In C++, add trace events to measure performance
c++
```
void Foo::DoWork() {
  TRACE_EVENT0("browser", "Foo:DoWork");
  ...
}
```
In the story definition, set the trace events you want to see as a metric on the result page.
python
```
from page_sets.desktop_ui.custom_metric_utils import SetMetricNames
...
def RunPageInteractions(self, action_runner):
  SetMetricNames(action_runner, ['Foo:DoWork'])
  ...
```
or
python
```
from page_sets.desktop_ui.custom_metric_utils import SetMetrics
...
def RunPageInteractions(self, action_runner):
  SetMetrics(action_runner, {'name':'Foo:DoWork','unit':<optional unit name>, 'description':<optional description>})
  ...
```
This method requires 'customMetric' added to your story definition and enable the trace category 'blink.user_timing'. If your story extends from MultiTabStory it's already been taken care of. Also make sure to enable the trace categories you want to add in your story definition.
Add Javascript performance.mark() with names end with ":metric_begin" and ":metric_end". Time between performance.mark('<YOUR_METRIC_NAME>:metric_begin') and performance.mark('<YOUR_METRIC_NAME>:benchmark') will show up as YOUR_METRIC_NAME on the result page.

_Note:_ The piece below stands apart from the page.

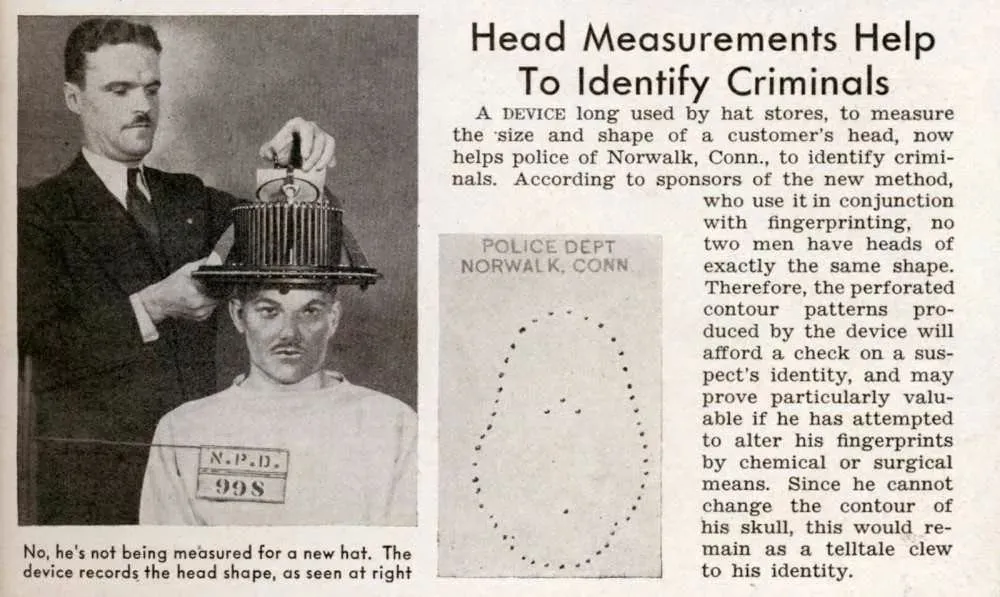 1939年一份美国康涅狄格州纽瓦克当地报纸的报道,颅相学帮助司法机关甄别罪犯 | http://blog.modernmechanix.com

For example:
javascript
```
function calc() {
  performance.mark('calc_time:metric_begin');
  ...
  performance.mark('calc_time:metric_end');
}
```
You can also emit metric value directly using performance.mark('<YOUR_METRIC_NAME>:<YOUR_METRIC_VALUE>:metric_value'). In the case multiple values needs to be measured asynchronously it's better to do the following instead:
javascript
```
const startTime = performance.now();
for (const url of urls) {
  fetch(url).then(() => {
    performance.mark(`fetch_time:${performance.now() - startTime}:metric_value`);
  });
}
```
This method requires 'customMetric' added to your story definition and enable the trace category 'blink.user_timing'. If your story extends from MultiTabStory it's already been taken care of.

How to write user journey

Destkop UI benchmark leverages UIDevtools to drive the native UI and Devtools to drive WebUI. Follow existing stories and the demo CL to add user journey for most features.

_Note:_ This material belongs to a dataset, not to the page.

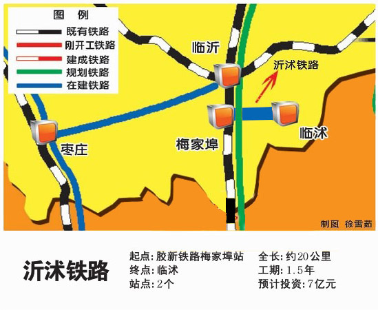 沂沭铁路位于临沂市境内,线路自胶新铁路梅家埠站接轨,经临沂市经济技术开发区至临沭,正线全长约20公里。沂沭铁路2013年5月开工,中铁十局科学组织施工,强化现场管理,严格过程控制,加班加点艰苦奋战,确保工程顺利推进。目前主要剩余工作量为临沭站货物站台、区间线路补碴等工程量。

Currently global shortcuts and context menus are not supported on Mac due to missing implementation of UIDevtools. Make sure to exclude those interaction on Mac from your performance stories.

Add new stories

Add new stories to here. Generally we want to put most of the user journeys in the main story so we only need to run 1 story to verify a CL in most cases. However, if the user journey may affect metrics of other user journeys, you should make it a separate story.

If your new stories don't need external network requests, you are done now.
If your new stories need external network requests and extend from MultiTabStory or other existing stories, add an item to here to reuse some of the existing recorded stories
If your new stories need external network requests that can't be reused from existing stories, follow the next section to record your own stories.

Finally, run the new stories locally to make sure they work, then upload the CL and run a pinpoint job to make sure they work before starting code review.

Record new stories

Record and upload new stories to cloud storage using these instructions.

Query benchmark metrics from chrome perf waterfall

Use the following link to query and compare realtime metrics data from any perf bots running on the performance waterfall.

https://chromeperf.appspot.com/report

Setup auto-triage on perf waterfall

Follow the auto-triage doc to setup metrics you want to monitor for regression(Example CL). If there's a regression detected on the waterfall an email will sent out automatically. You can then auto or manual bisect what commit regresses the performance.